The aim moving forward is to have six or seven teams capable of winning the title each year. And the hope is if the competition becomes more competitive, that it will draw a larger number of fans and investors.

But EL did not implement a strict cap. It couldn’t and still grow interest and revenues.

“We need to [be able to] protect some of the key pillars we have in this league,” Puyada said.

That includes its top young players. NIL has made retaining them increasingly challenging (see: Aday Mara).

EL’s CBS includes an exception that allows clubs to pay players under the age of 23 money that does not count against the cap. There is no max on how much those players can earn.

Clubs will be dissuaded from going over the threshold (exceptions excluded) with a tax that is paid out amongst the non-offenders.

“If somebody wants to spend a lot over the limit, it’s one Euro per Euro,” Puyada said. “So, it’s quite expensive.”

However, EuroLeague does not share revenues equally and the imbalance between haves and have-nots remains. It remains to be seen if clubs that fall into the first bucket will simply pay the tax and proceed as usual.

“Some [likely still will],” Puyada acknowledged. “But they will be funding other teams and that will improve their rosters [over time].” 

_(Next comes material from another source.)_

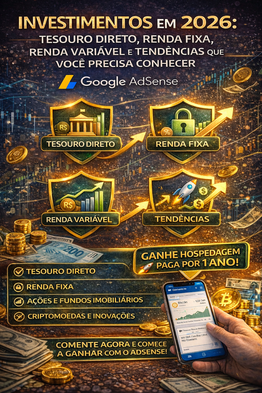 Investimentos em 2026: Tesouro Direto, Renda Fixa, Renda Variável e Tendências que você precisa conhecer

The new CBS includes a team salary floor, a minimum amount each club must spend on player salaries. That should force the lowest spending teams to use at least some of the tax proceeds towards improving their roster.

While EL’s recent moves were inspired by American sport concepts, they were not made to necessarily appeal to U.S. investors. 

The new regulations “put the league on another level, [from a business maturation standpoint], compared to other domestic leagues that we have here in Europe,” Puyada said. "We believe [they are] the right tools to generate more money and grow the league [for the long-term].”

It’s worth noting EuroLeague is also the only league in Europe owned by the teams, and that some of its clubs hold long-term licenses (i.e. they can’t be relegated).

Or at least they did. The clubs’ existing 10-year agreements expire in July of 2026.

EL is actively trying to extend those licenses now. There are questions about several clubs, including Real Madrid, FC Barcelona, and Fenerbahce Beko Istanbul, agreeing to sign on.

Outside investors are understandably hesitant to pump more money into the property until they do.

The EuroLeague intends to begin implementing its new regulatory framework next year, regardless; albeit with some flexibility to account for existing contracts. The ‘final model’ will be in place in time for start of the ’27-’28 season.

“It’s [going to be] a change for the European mentality, this new way to calculate salaries and for the clubs to decide on roster compensation based on [league revenues],” Puyada said.

Logic would suggest as American money continues to flow into Europe, that an increasing number of domestic leagues and competitions will follow suit.

But without the same stability in clubs at the top, most seem unlikely to gain the consensus needed for change. It’s simply not the way things are done across the pond.